▶ _SUPPLIED ENTRIES_
--*--

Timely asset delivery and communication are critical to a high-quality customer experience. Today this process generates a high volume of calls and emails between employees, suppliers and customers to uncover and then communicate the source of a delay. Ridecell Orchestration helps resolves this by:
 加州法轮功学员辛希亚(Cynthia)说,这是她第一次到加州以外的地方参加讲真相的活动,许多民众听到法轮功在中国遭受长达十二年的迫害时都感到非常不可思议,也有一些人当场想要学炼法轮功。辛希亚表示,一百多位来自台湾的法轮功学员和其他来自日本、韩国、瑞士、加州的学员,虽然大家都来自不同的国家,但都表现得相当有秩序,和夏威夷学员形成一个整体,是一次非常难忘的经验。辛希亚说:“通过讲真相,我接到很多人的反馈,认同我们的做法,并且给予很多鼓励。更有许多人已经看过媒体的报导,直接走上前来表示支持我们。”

--*--

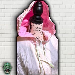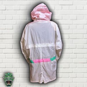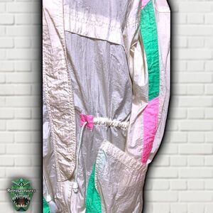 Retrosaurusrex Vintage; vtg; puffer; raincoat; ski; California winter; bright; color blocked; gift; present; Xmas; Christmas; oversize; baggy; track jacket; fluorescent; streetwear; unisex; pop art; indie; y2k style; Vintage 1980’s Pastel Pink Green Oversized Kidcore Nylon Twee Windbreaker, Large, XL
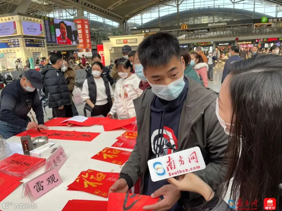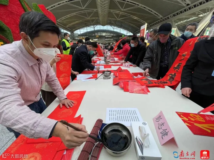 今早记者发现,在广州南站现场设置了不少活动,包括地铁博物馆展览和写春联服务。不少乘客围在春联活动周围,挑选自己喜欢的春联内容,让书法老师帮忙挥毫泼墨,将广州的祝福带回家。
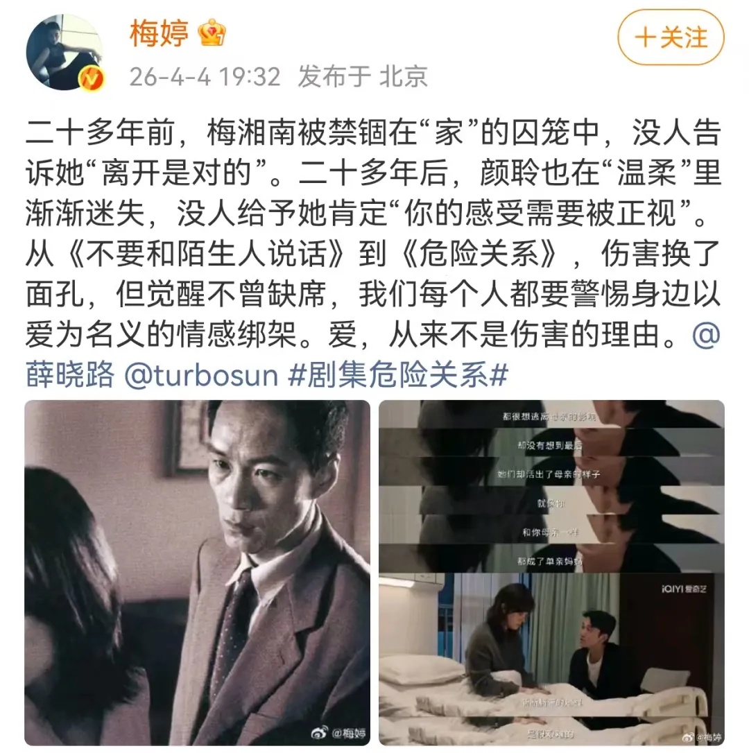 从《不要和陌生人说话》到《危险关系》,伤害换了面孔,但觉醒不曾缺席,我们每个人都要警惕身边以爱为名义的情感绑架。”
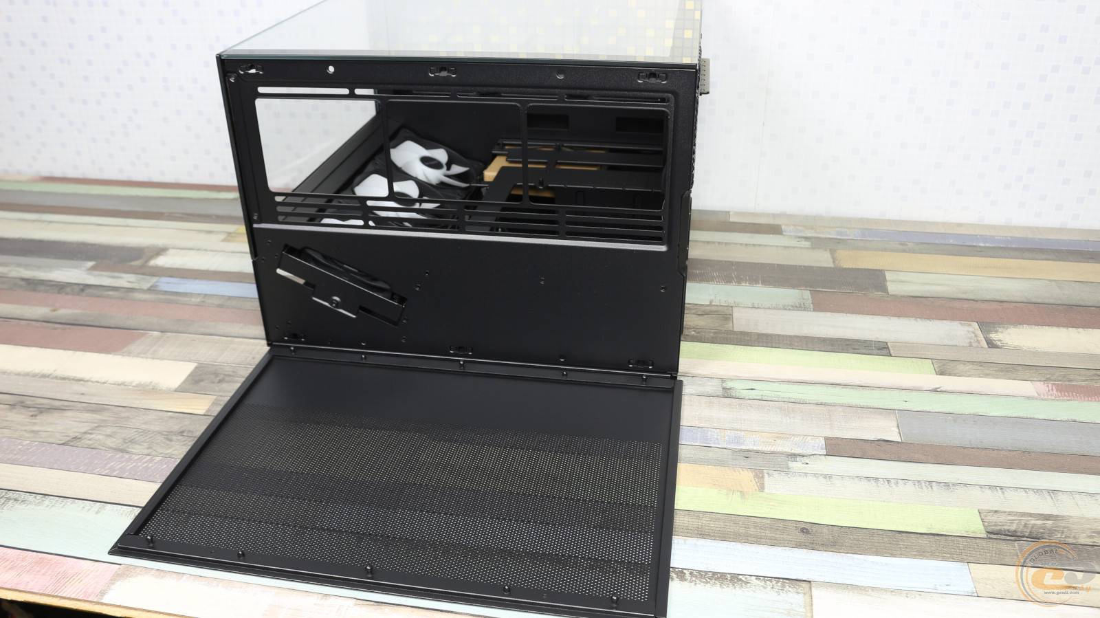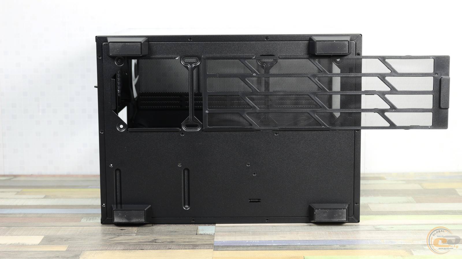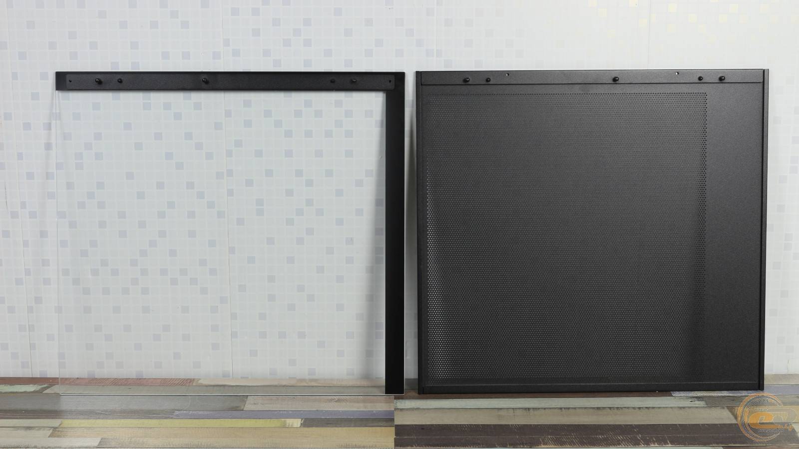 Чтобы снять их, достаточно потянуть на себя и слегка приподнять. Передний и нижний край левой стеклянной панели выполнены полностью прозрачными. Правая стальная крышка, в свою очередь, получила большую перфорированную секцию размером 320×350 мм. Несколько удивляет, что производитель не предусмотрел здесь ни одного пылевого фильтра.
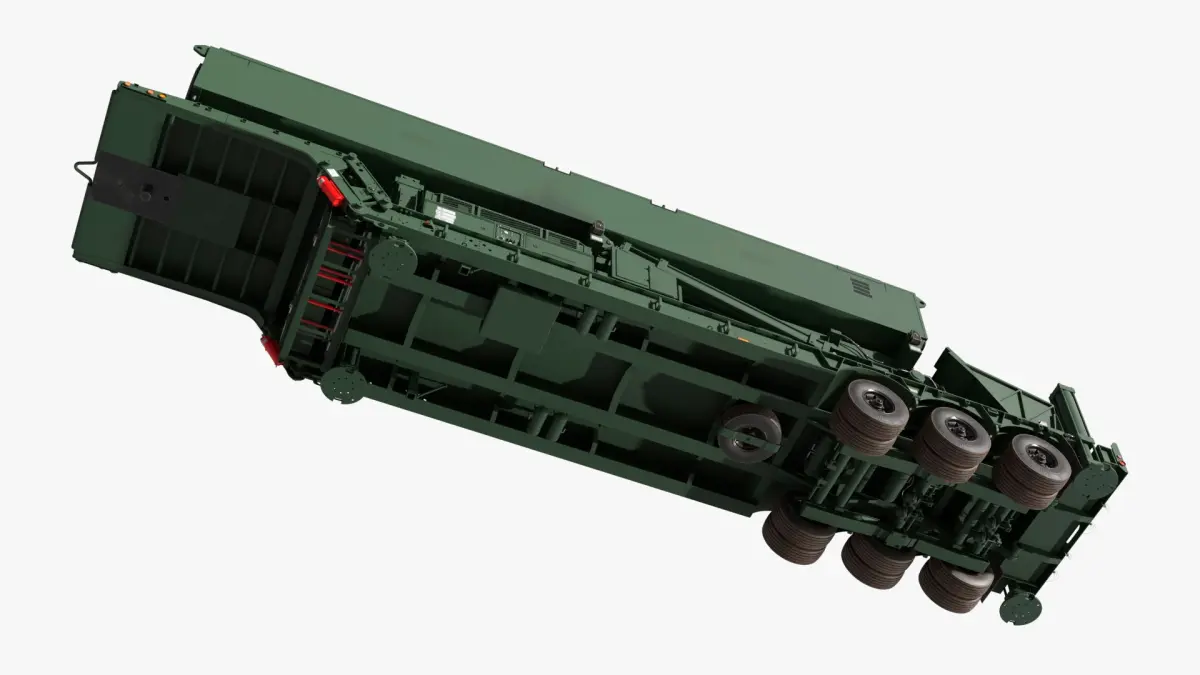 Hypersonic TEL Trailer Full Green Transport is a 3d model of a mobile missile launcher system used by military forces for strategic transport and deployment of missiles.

--*--

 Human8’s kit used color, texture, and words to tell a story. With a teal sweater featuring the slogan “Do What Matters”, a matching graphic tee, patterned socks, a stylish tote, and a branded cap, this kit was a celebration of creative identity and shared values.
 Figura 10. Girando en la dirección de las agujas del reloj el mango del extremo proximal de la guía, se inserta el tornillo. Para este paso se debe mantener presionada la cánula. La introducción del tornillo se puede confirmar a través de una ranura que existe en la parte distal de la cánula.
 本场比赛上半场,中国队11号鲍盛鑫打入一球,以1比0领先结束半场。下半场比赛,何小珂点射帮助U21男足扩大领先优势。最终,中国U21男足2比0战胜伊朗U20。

--*--

▶ _TASK REQUIREMENTS_
Lines to set down from above: the line with "Figura 10. Girando", the line with "本场比赛上半场,中国队11号", and every line between, each exactly as written.

▶ _RESULT FOR THIS TASK_
 Figura 10. Girando en la dirección de las agujas del reloj el mango del extremo proximal de la guía, se inserta el tornillo. Para este paso se debe mantener presionada la cánula. La introducción del tornillo se puede confirmar a través de una ranura que existe en la parte distal de la cánula.
 本场比赛上半场,中国队11号鲍盛鑫打入一球,以1比0领先结束半场。下半场比赛,何小珂点射帮助U21男足扩大领先优势。最终,中国U21男足2比0战胜伊朗U20。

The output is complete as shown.